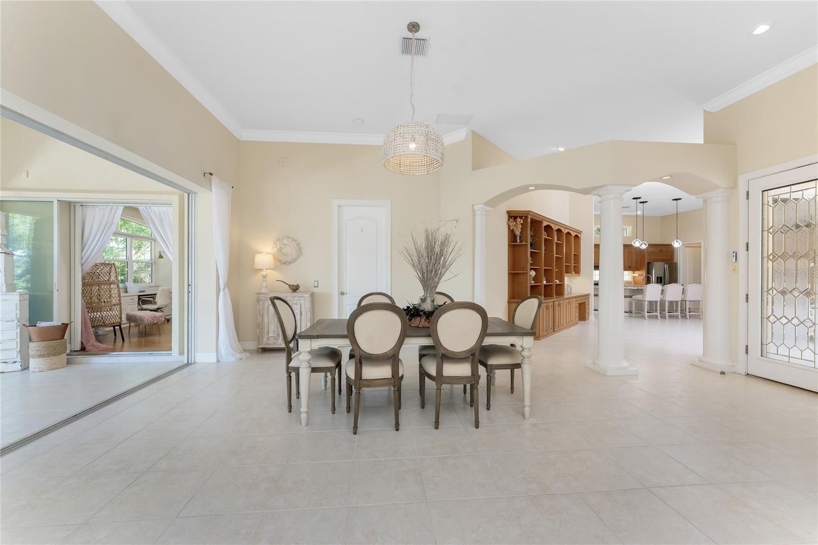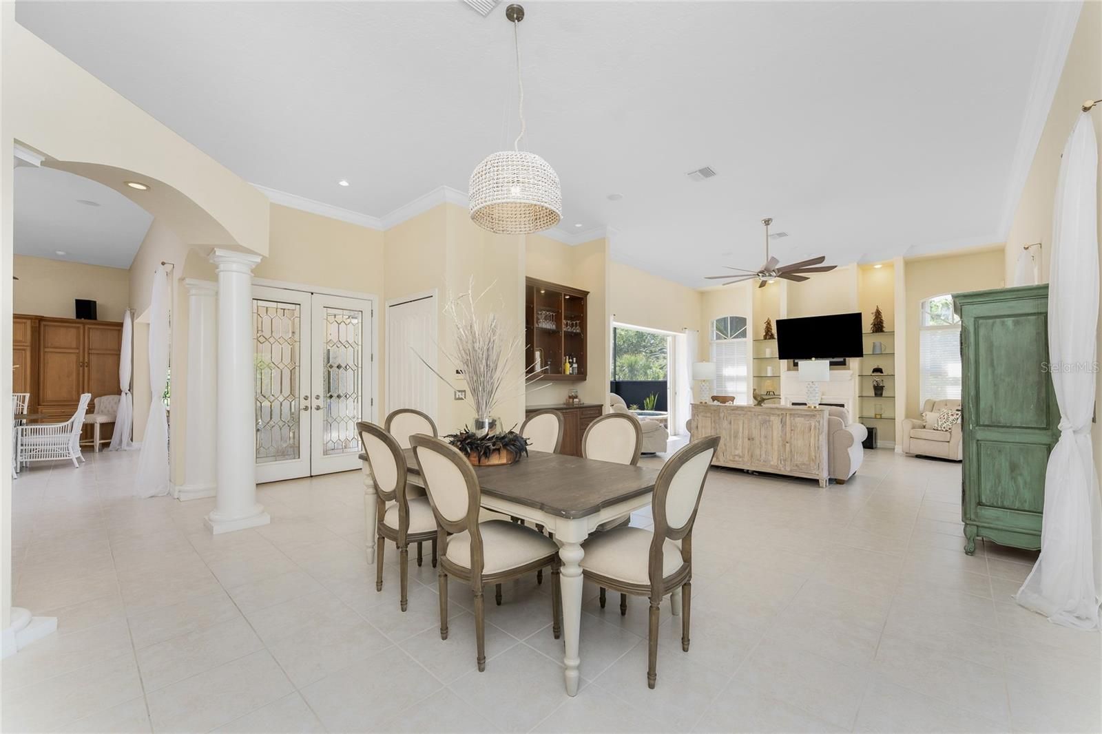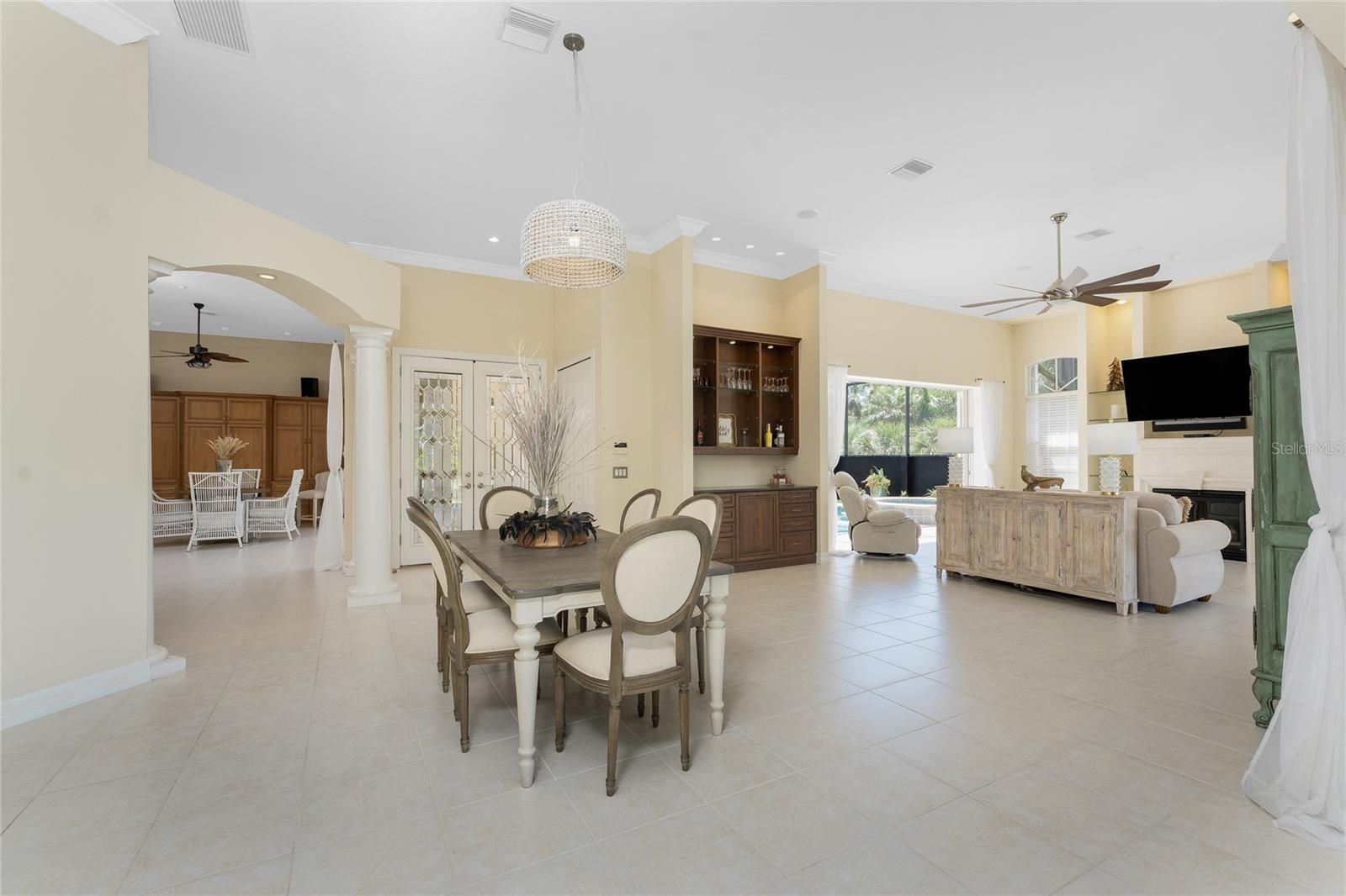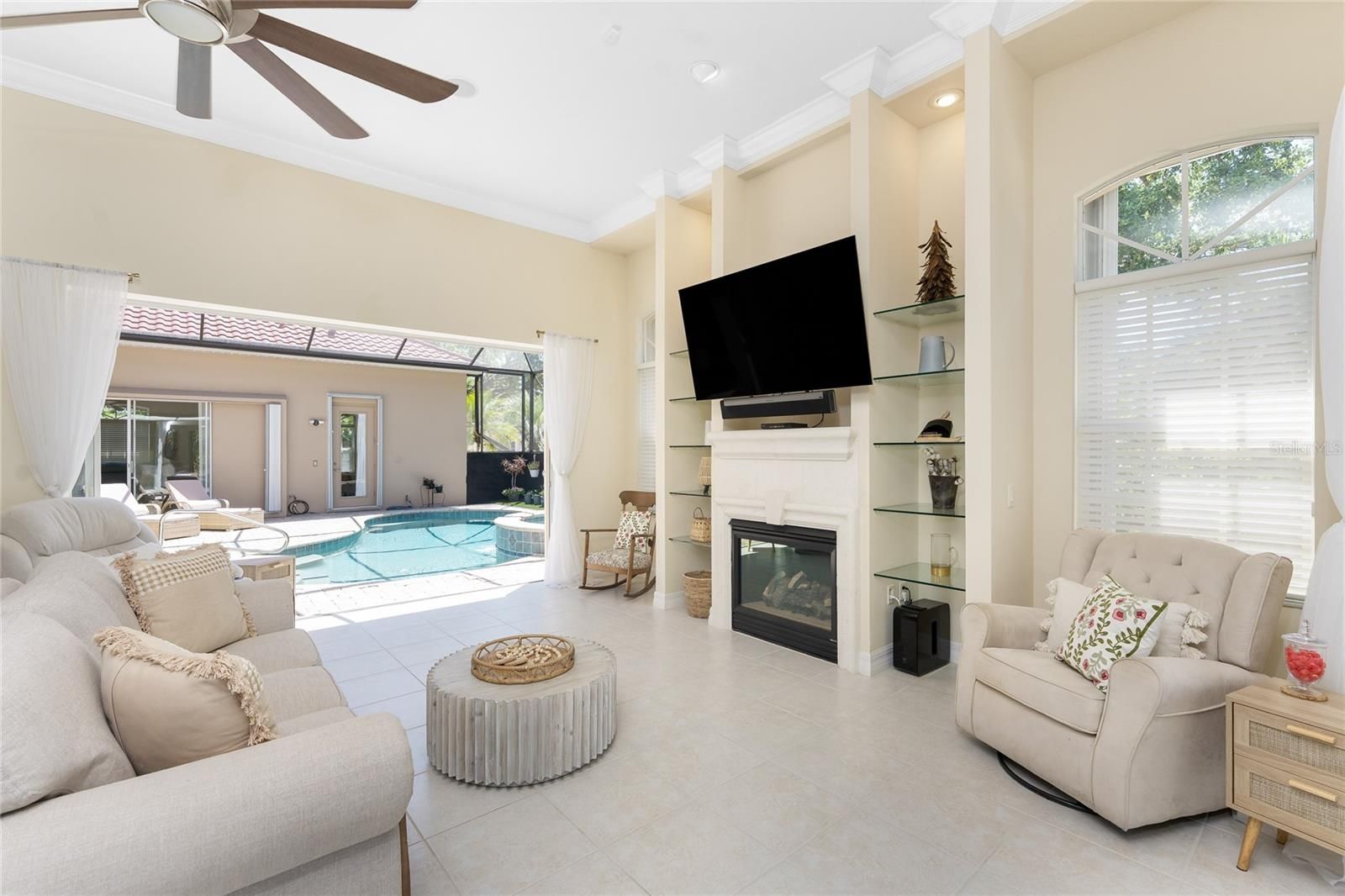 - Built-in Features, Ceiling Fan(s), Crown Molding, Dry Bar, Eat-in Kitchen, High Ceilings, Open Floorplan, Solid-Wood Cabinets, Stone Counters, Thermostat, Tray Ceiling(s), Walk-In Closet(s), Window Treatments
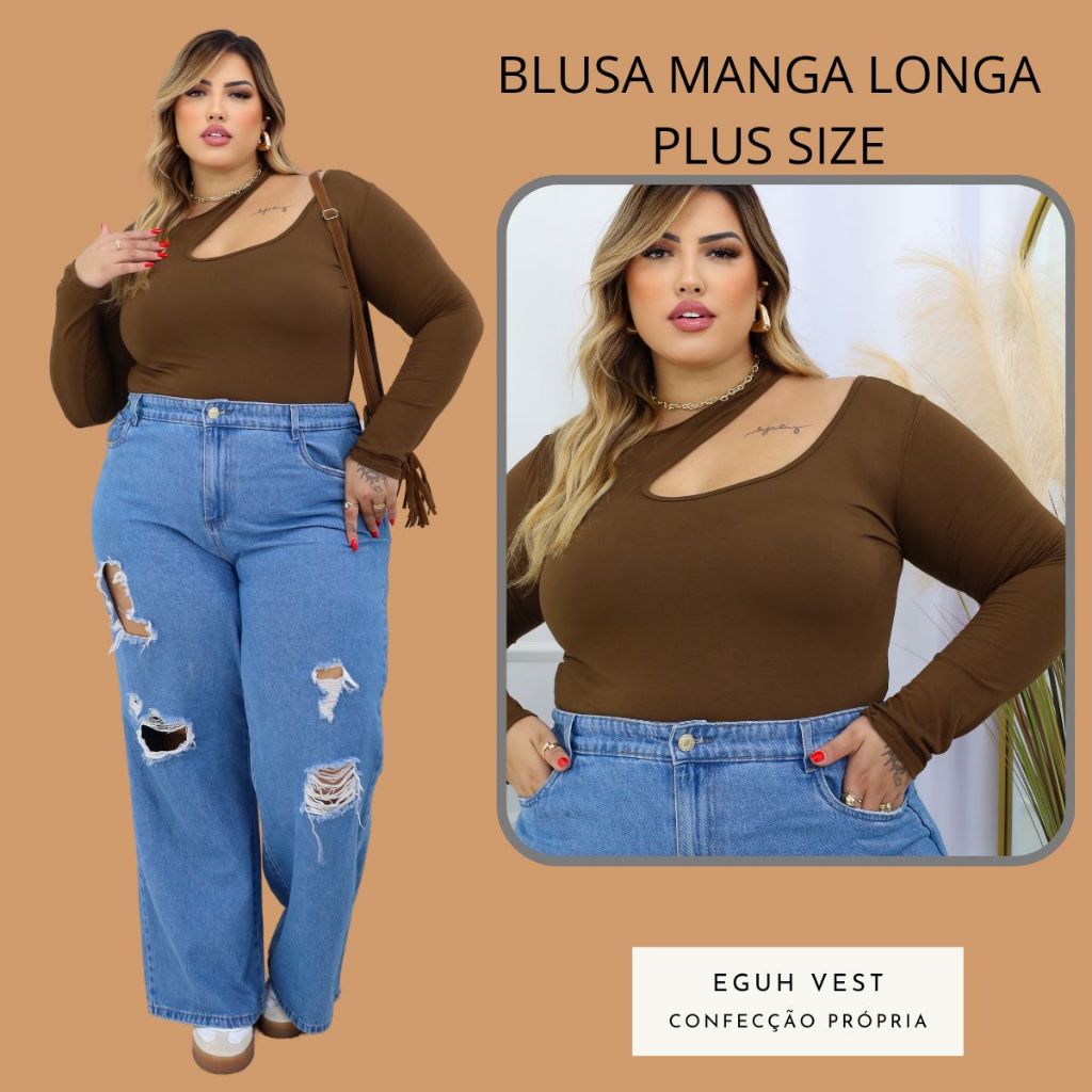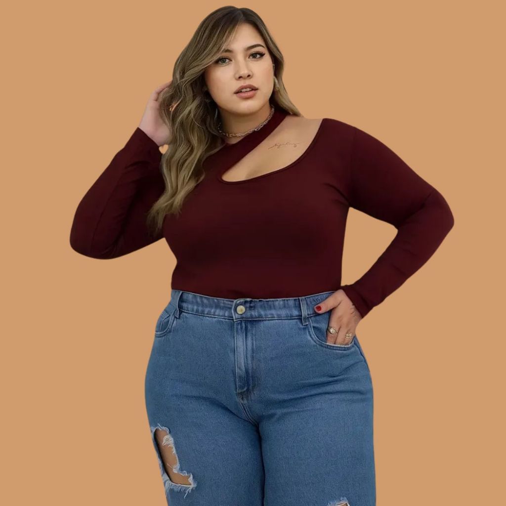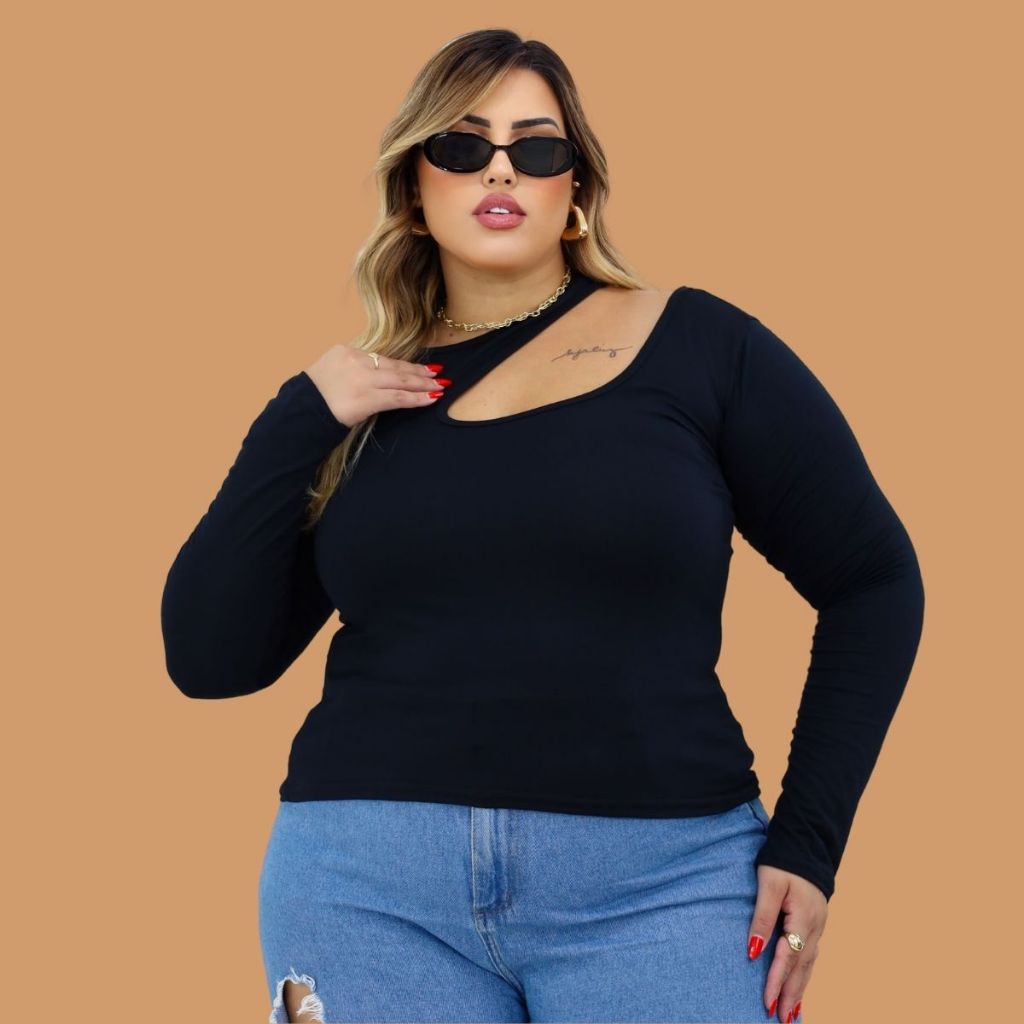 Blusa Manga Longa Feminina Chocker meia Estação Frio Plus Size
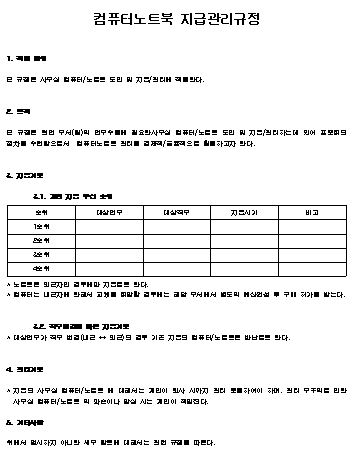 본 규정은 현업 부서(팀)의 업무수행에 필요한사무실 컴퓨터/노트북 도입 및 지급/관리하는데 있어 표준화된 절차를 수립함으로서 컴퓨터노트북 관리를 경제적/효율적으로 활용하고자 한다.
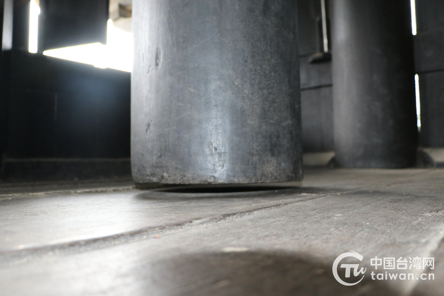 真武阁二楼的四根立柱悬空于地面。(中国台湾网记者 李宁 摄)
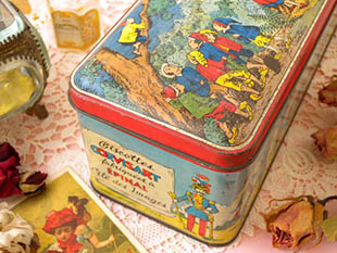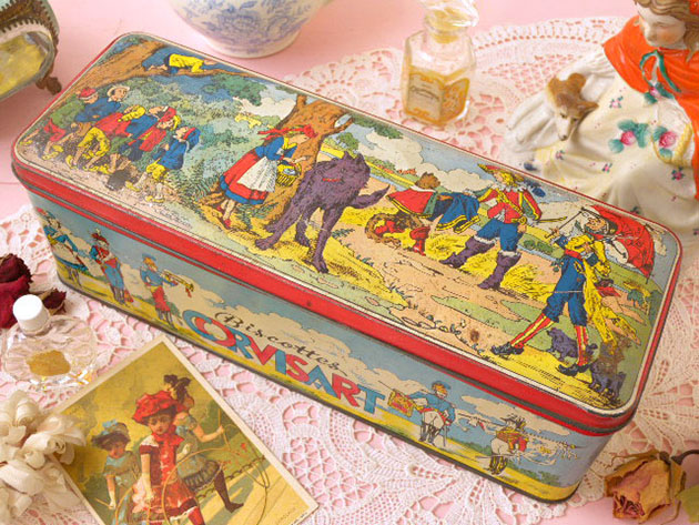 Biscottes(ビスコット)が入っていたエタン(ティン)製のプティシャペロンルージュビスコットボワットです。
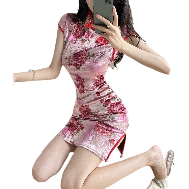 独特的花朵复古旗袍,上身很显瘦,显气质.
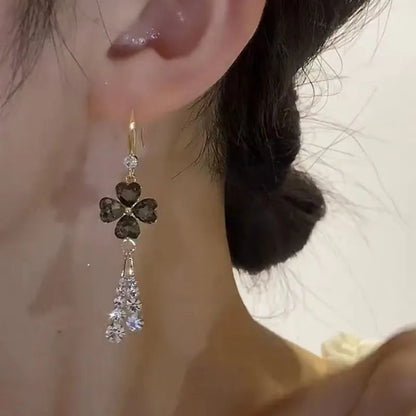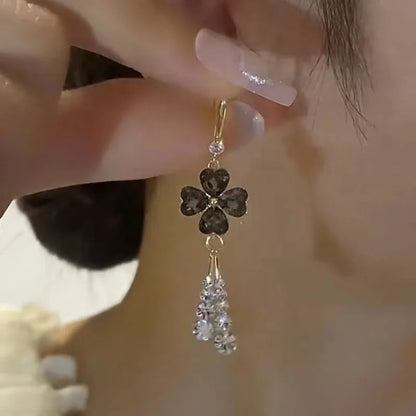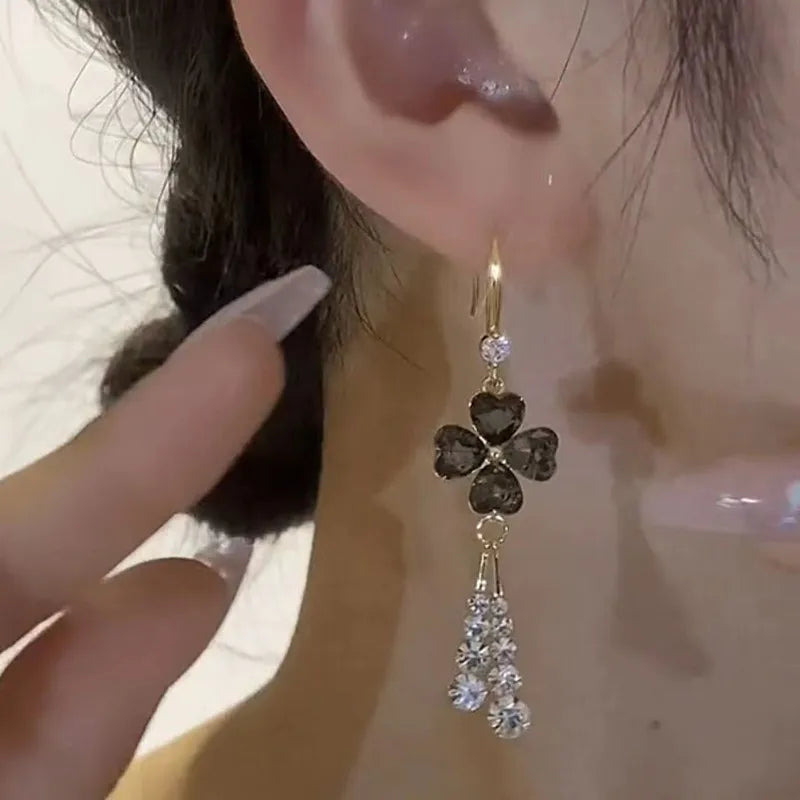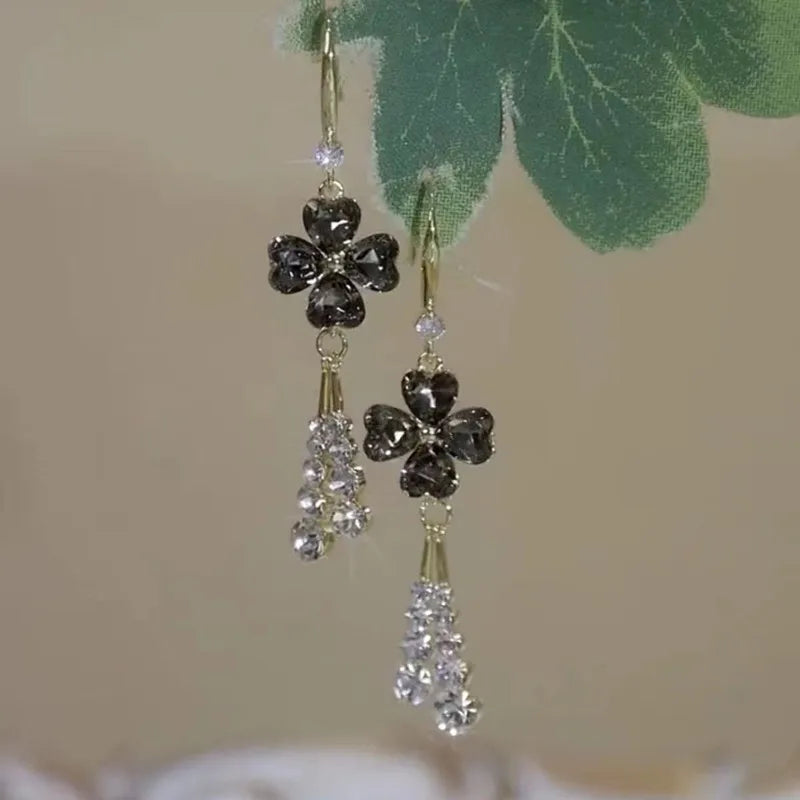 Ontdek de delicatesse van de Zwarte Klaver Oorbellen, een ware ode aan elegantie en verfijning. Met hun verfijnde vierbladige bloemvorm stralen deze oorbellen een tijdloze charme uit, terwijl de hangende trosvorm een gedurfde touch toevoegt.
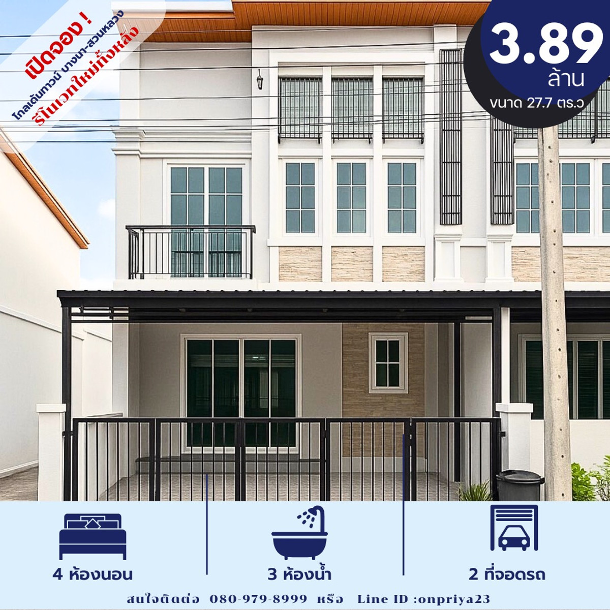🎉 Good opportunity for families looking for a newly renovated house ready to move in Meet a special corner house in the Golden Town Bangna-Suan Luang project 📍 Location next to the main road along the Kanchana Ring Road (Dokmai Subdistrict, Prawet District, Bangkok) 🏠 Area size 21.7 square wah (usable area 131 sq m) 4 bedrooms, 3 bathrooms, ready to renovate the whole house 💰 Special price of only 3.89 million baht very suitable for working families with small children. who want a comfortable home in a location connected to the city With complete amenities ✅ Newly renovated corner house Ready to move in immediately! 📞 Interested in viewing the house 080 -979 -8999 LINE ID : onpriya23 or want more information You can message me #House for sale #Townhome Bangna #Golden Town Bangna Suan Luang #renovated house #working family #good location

※ ※ ※

**WHAT IS NEEDED**
Within the listing above, write out the stretch from the line with "Blusa Manga Longa" through the line with "独特的花朵复古旗袍,上身很显瘦,显气质." exactly. Any pictures are to be left out.

**RESULT OF THE TASK**
 Blusa Manga Longa Feminina Chocker meia Estação Frio Plus Size
 본 규정은 현업 부서(팀)의 업무수행에 필요한사무실 컴퓨터/노트북 도입 및 지급/관리하는데 있어 표준화된 절차를 수립함으로서 컴퓨터노트북 관리를 경제적/효율적으로 활용하고자 한다.
 真武阁二楼的四根立柱悬空于地面。(中国台湾网记者 李宁 摄)
 Biscottes(ビスコット)が入っていたエタン(ティン)製のプティシャペロンルージュビスコットボワットです。
 独特的花朵复古旗袍,上身很显瘦,显气质.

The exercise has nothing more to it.